FilterHN

Fun with Finite State Transducers

44 points

by woodruffw

4 days ago

| past

| 2 comments

| blog.yossarian.net

| HN

▲

zokier

11 hours ago

[-]

I've been thinking that FST could be well suited for building routers for web frameworks. I.e. matching request path `/foo/42` to a set of route patterns like `/foo/{id}` etc. As I understand FST should be near perfect for this use and could potentially allow very good performance. Especially if you can construct the FST at compile time. Somewhat surprisingly I haven't seen anyone doing anything in that direction though, and FST literature is bit difficult if you don't have formal NLP background

▲

rickette

8 hours ago

[-]

Radix Trees are (often?) used for this purpose, for example in Chi: https://github.com/go-chi/chi. Coincidentally FSTs and Radix trees share some similarities.

▲

woodruffw

4 hours ago

[-]

> Coincidentally FSTs and Radix trees share some similarities

Indeed -- I think a useful way to comprehend FSTs is as a radix/prefix trie that also allows suffix compaction. There's probably a formal correlation proof between the two, but I don't know it off the top of my head.

▲

jyndbeb

16 hours ago

[-]

I'm not quite sure I understand how they are applicable, since access patterns itself can be arbitrary complex

For example how is github.event.pull_request.labels[another_variable].name handled?

▲

yorwba

15 hours ago

[-]

Since it only needs to classify the result as one of "fixed", "structured" or "arbitrary", it doesn't matter what the value of "another_variable" is, you'll always be in the same state at the end.
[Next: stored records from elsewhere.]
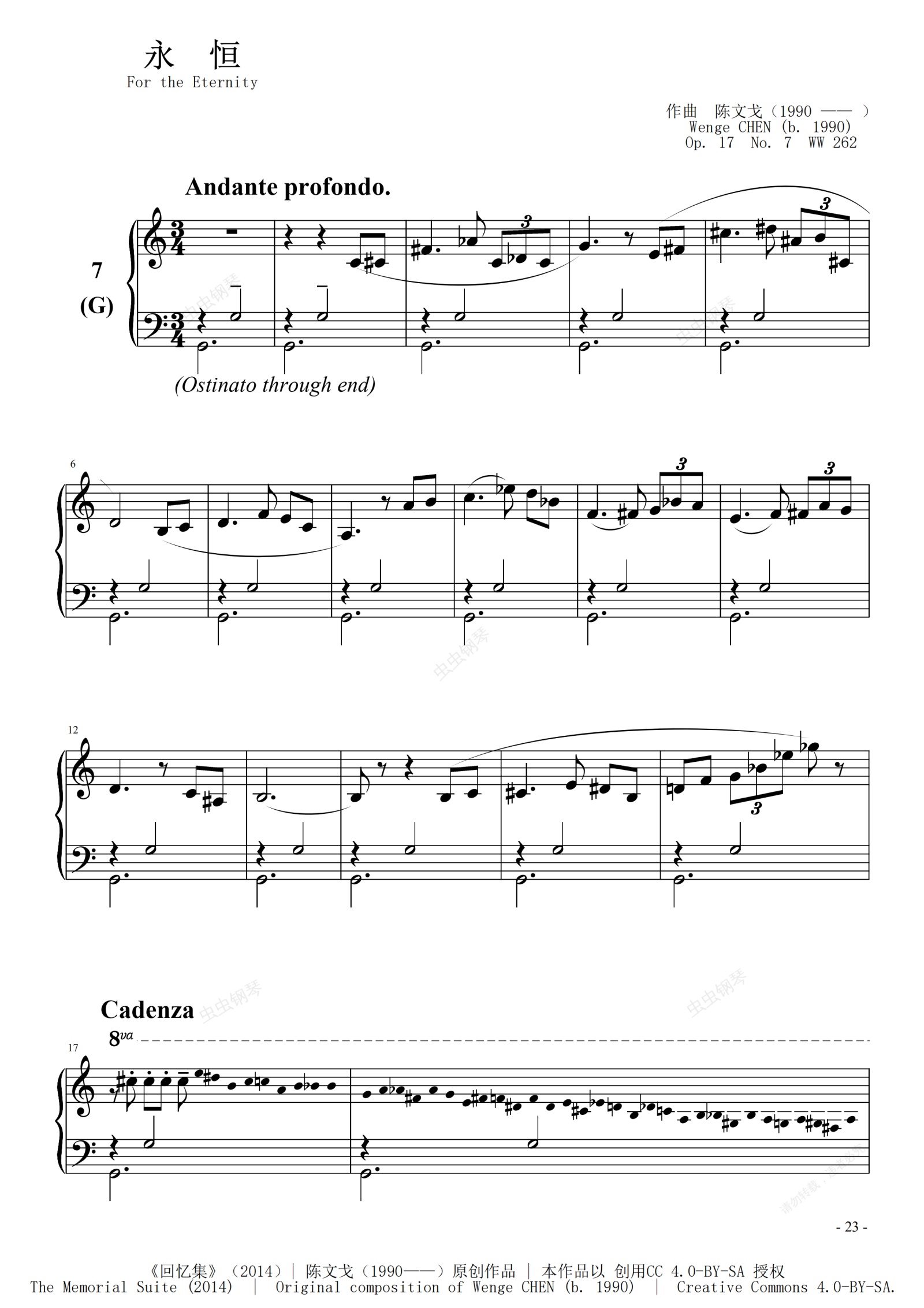 钢琴谱:永恒 - 陈文戈(选自《回忆集》)
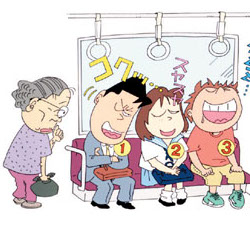 - אדיבות: תן את המושב שלך לזקנים , נשים בהריון ונכים – הם יסרבו לכם כמה פעמים בהתחלה אבל אל תטעו הם אכן רוצים את המושב – ככה זה המנטליות ביפן, לכן נהוג פשוט לקום ולהתרחק כדי שירגישו בנוח.
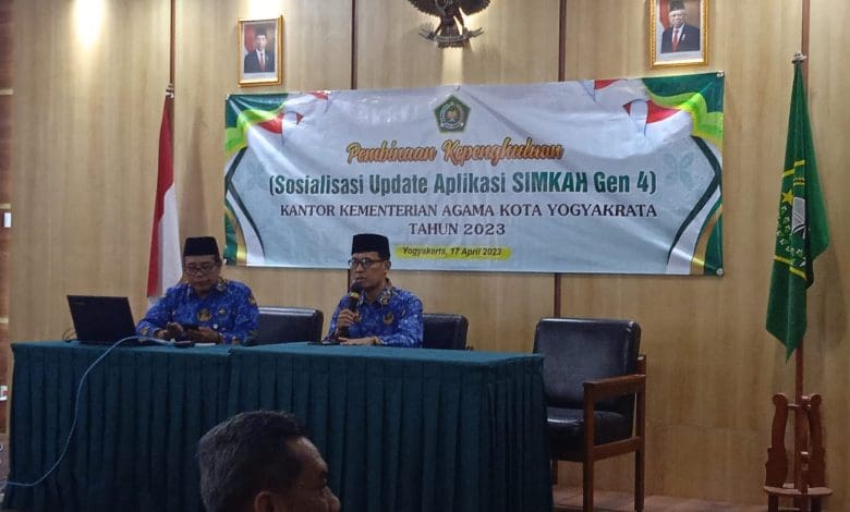 Yogyakarta ( Bimas Islam) : Telah dilaksanakan Kegiatan Pembinaan Kepenghuluan Sosialisasi Update Aplikasi SIMKAH Generasi 4 di Kankemenag kota Yogyakarta pada hari senin, 17/04/2023 bertempat di Aula l lantai ll Kemenag Kota Yogyakarta. Peserta pada kegiatan tersebut Kepala KUA dan Penghulu Se- Kota Yogyakarta berjumlah 24 orang. Narasumber Samanto, SAg, MH., Penghulu sekaligus ahli IT di Kementrian Agama. Kegiatan diselenggarakan seksi Bimas Islam Kankemenag Kota Yogyakarta.
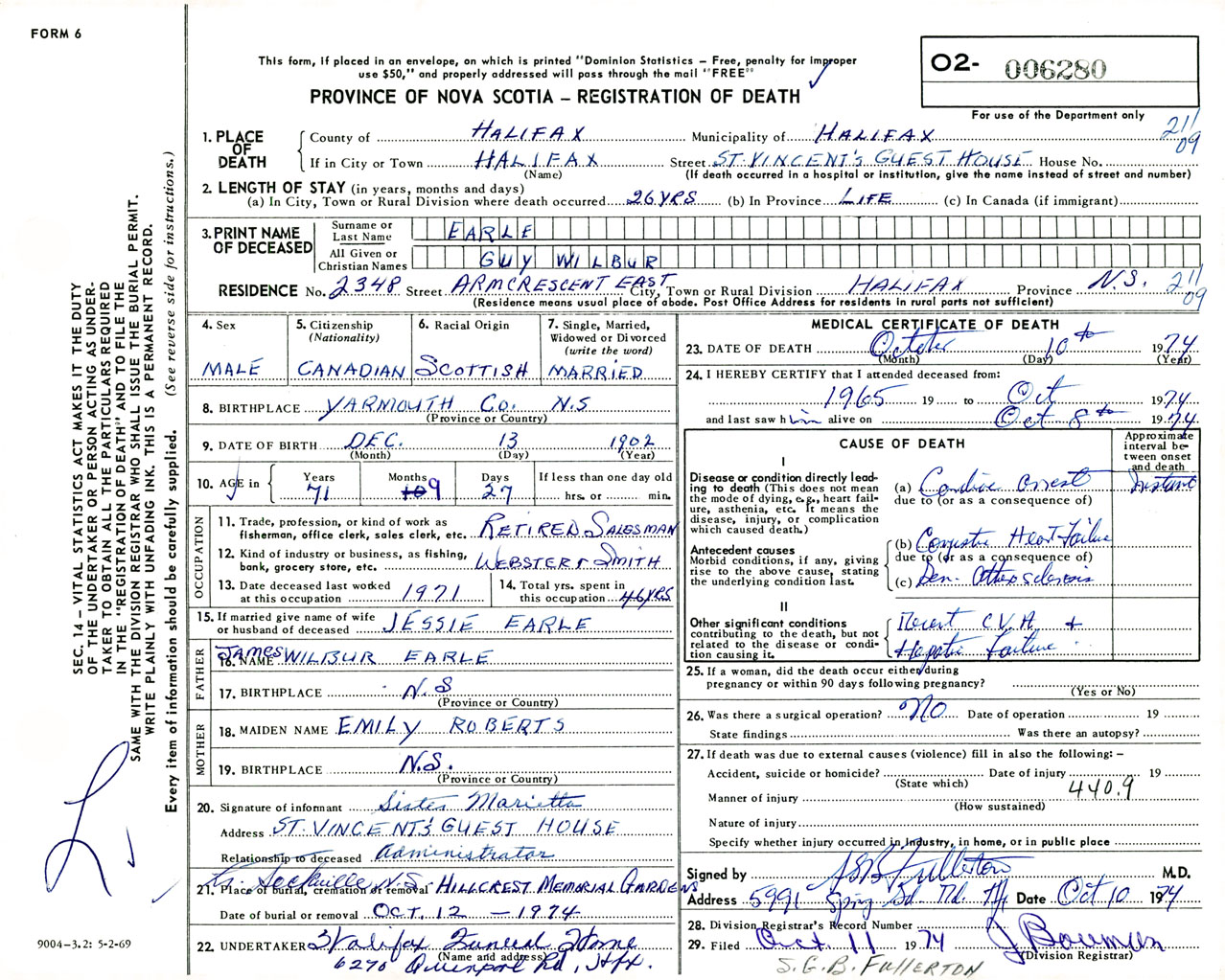 Male Death Registration: Year: 1974 number: 6280

Finite state transducers can handle an infinite number of possibilities with a finite number of states just fine.

It's a bit strange though that the author constructs the FST to only recognize a finite list of strings. Probably some of the matching logic that could have been part of the FST is pushed into the normalizer instead.

▲

woodruffw

4 hours ago

[-]

Author here.

> Probably some of the matching logic that could have been part of the FST is pushed into the normalizer instead.

Yep, exactly -- there's a great deal of prenormalization that in principle could be pushed into automata run over the FST instead. The reason I didn't do that is laziness, but it's the obvious next step :-)